* [Work to complete]:
Nothing but the pictures is dropped; write out all the remaining data below exactly.

* [Material provided]:
⁂
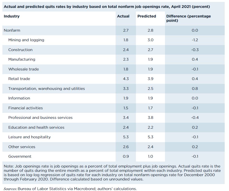 According to a recent analysis by the Peterson Institute for International Economics, the all-time high quit rate in April is not surprising given the unprecedented number of job openings. In fact, considering the historical relationship between the number of job openings and the quit rate, April’s record-high mark is almost exactly what would have been predicted. However, the researchers also performed industry-by-industry predictions for quit rates, and compared them to the real levels. Almost all industry-level predictions mirrored the real rate, with a glaring exception: retail trade. The authors’ model predicted a quit rate of only 3.9, whereas the real quit rate was 4.3 (the only larger difference came from the transportation, warehousing, and utilities sector, with a difference of 0.8). And although the researchers accurately predicted the quit rate in the leisure and hospitality industry, most recent measures remain extremely high, at a rate of 5.3 percent.
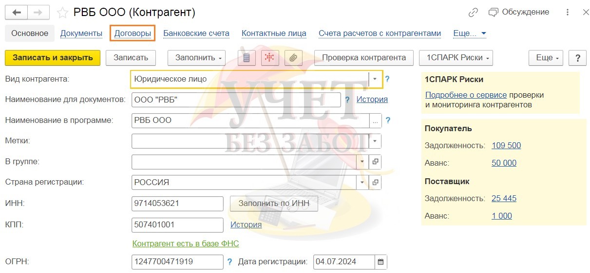 После ввода договоров, контрагента можно сохранять и закрывать справочник.
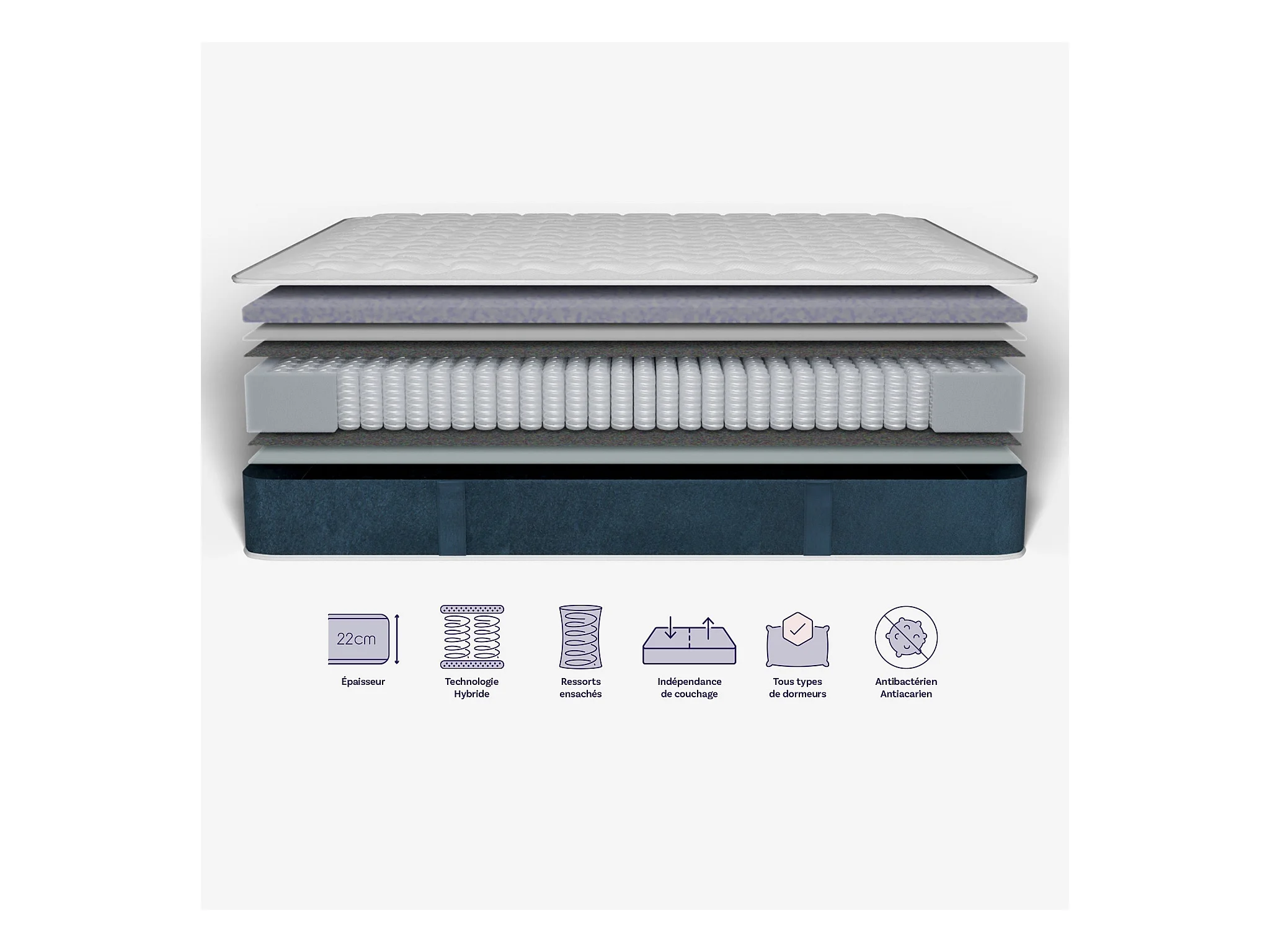 Matelas hybride et oreillers moelleux 140x200cm épais 22cm
⁂
* [Response box]:
 According to a recent analysis by the Peterson Institute for International Economics, the all-time high quit rate in April is not surprising given the unprecedented number of job openings. In fact, considering the historical relationship between the number of job openings and the quit rate, April’s record-high mark is almost exactly what would have been predicted. However, the researchers also performed industry-by-industry predictions for quit rates, and compared them to the real levels. Almost all industry-level predictions mirrored the real rate, with a glaring exception: retail trade. The authors’ model predicted a quit rate of only 3.9, whereas the real quit rate was 4.3 (the only larger difference came from the transportation, warehousing, and utilities sector, with a difference of 0.8). And although the researchers accurately predicted the quit rate in the leisure and hospitality industry, most recent measures remain extremely high, at a rate of 5.3 percent.
 После ввода договоров, контрагента можно сохранять и закрывать справочник.
 Matelas hybride et oreillers moelleux 140x200cm épais 22cm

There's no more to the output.